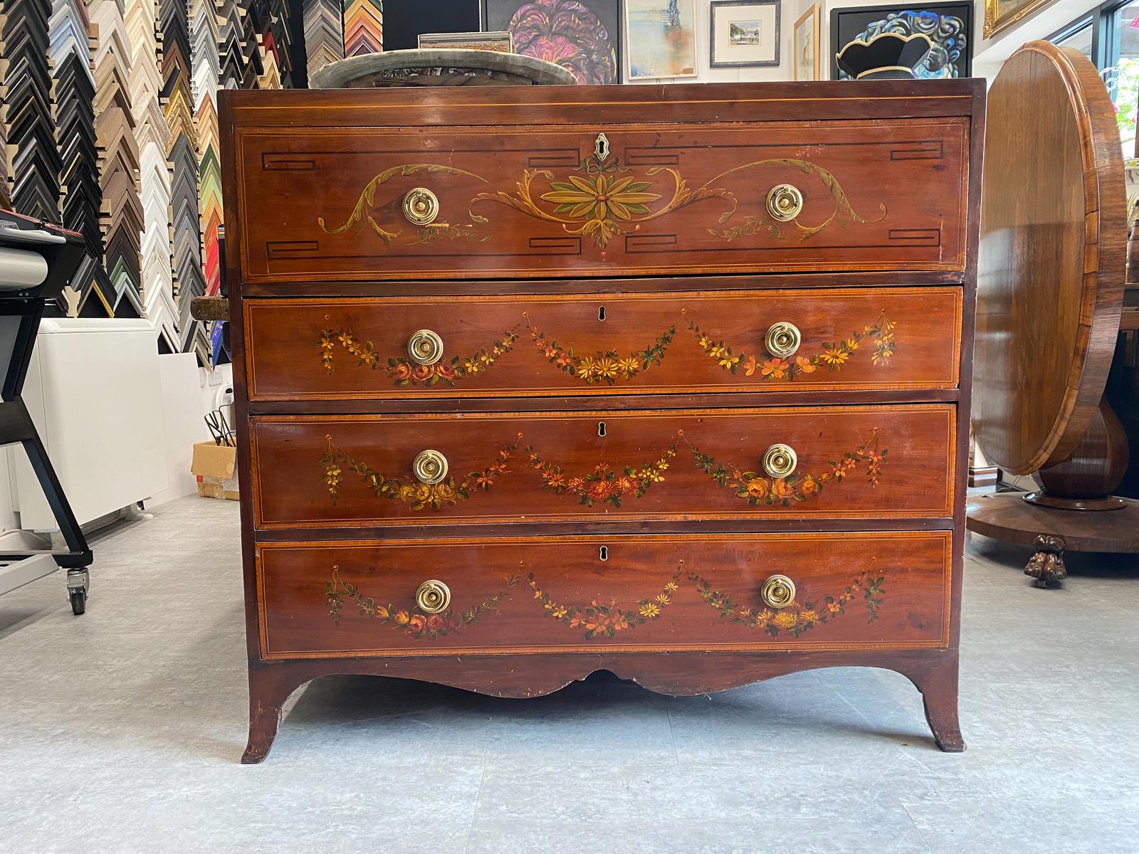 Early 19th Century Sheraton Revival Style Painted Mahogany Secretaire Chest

- - -

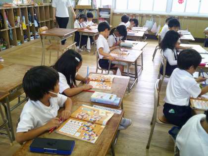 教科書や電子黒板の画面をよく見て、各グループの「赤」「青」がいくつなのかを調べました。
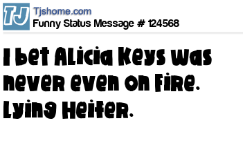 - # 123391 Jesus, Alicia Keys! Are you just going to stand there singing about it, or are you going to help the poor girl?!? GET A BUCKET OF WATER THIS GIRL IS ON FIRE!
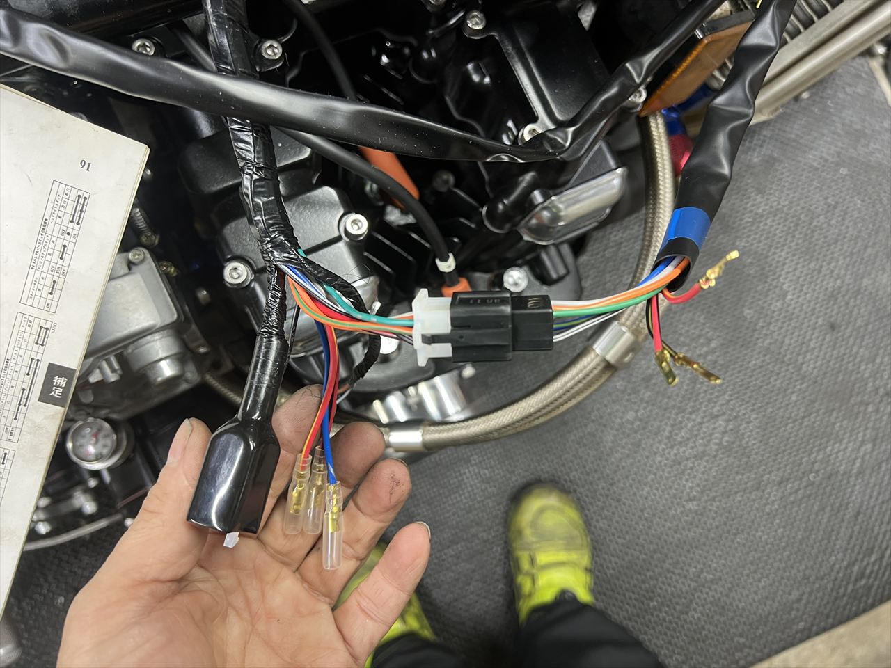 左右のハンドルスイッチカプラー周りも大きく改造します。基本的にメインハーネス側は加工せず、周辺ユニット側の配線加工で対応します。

- - -

▶ **WHAT TO PRODUCE**
Using the listing above, restate exactly the range between the lines holding "教科書や電子黒板の画面をよく" and "左右のハンドルスイッチカプラ", inclusive, with pictures left out.

▶ **SOLUTION FOR THIS EXERCISE**
 教科書や電子黒板の画面をよく見て、各グループの「赤」「青」がいくつなのかを調べました。
 - # 123391 Jesus, Alicia Keys! Are you just going to stand there singing about it, or are you going to help the poor girl?!? GET A BUCKET OF WATER THIS GIRL IS ON FIRE!
 左右のハンドルスイッチカプラー周りも大きく改造します。基本的にメインハーネス側は加工せず、周辺ユニット側の配線加工で対応します。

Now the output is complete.